Wednesday, November 4, 2015
Richard G. Baraniuk
In typical applications of machine learning (ML), humans typically enter the process at an early stage, in determining an initial representation of the problem and in preparing the data, and at a late stage, in interpreting and making decisions based on the results. Consequently, the bulk of the ML literature deals with such situations. Much less research has been devoted to ML involving “humans-in-the-loop,” where humans play a more intrinsic role in the process, interacting with the ML system to iterate towards a solution to which both humans and machines have contributed. In these situations, the goal is to optimize some quantity that can be obtained only by evaluating human responses and judgments. The “humans-in-the-loop” paradigm requires a statistical model for human interactions with the environment, which controls how the experimental design adapts to human feedback; such designs are, in general, difficult to construct due to the complex nature of human behavior. In this talk, we will study the particular case of developing new ML frameworks for improving learning in educational contexts, which is an exciting new research frontier.

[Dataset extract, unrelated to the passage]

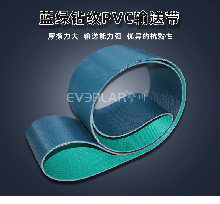 • 產(chǎn)品名稱:藍(lán)綠鉆紋PVC輸送帶耐溫防靜電易清潔工業(yè)皮帶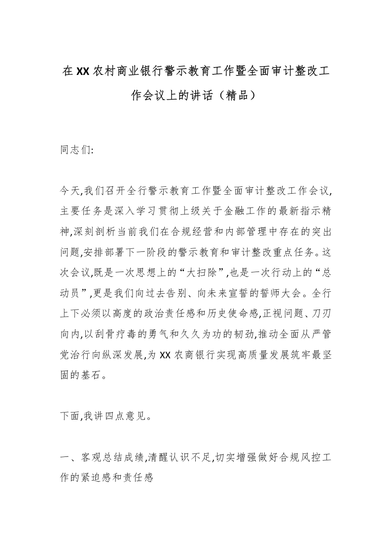 在XX农村商业银行警示教育工作暨全面审计整改工作会议上的讲话(精品)_副本

Richard Baraniuk is the Victor E. Cameron Professor of Electrical and Computer Engineering at Rice University and the Founding Director of Connexions (cnx.org) and OpenStax College (openstaxcollege.org). His research interests lie in new theory, algorithms, and hardware for sensing, signal processing, and machine learning. He is a Fellow of the IEEE and AAAS and has received national young investigator awards from the US NSF and ONR, the Rosenbaum Fellowship from the Isaac Newton Institute of Cambridge University, the ECE Young Alumni Achievement Award from the University of Illinois, the Wavelet Pioneer and Compressive Sampling Pioneer Awards from SPIE, and the IEEE Signal Processing Society Technical Achievement Award.
His work on the Rice single-pixel compressive camera has been widely reported in the popular press and was selected by MIT Technology Review as a TR10 Top 10 Emerging Technology. For his technology-enabled education projects, he has received the C. Holmes MacDonald National Outstanding Teaching Award from Eta Kappa Nu, the Tech Museum of Innovation Laureate Award, the Internet Pioneer Award from the Berkman Center for Internet and Society at Harvard Law School, the World Technology Award for Education, the IEEE-SPS Education Award, the WISE Education Award, and the IEEE James H. Mulligan, Jr. Medal.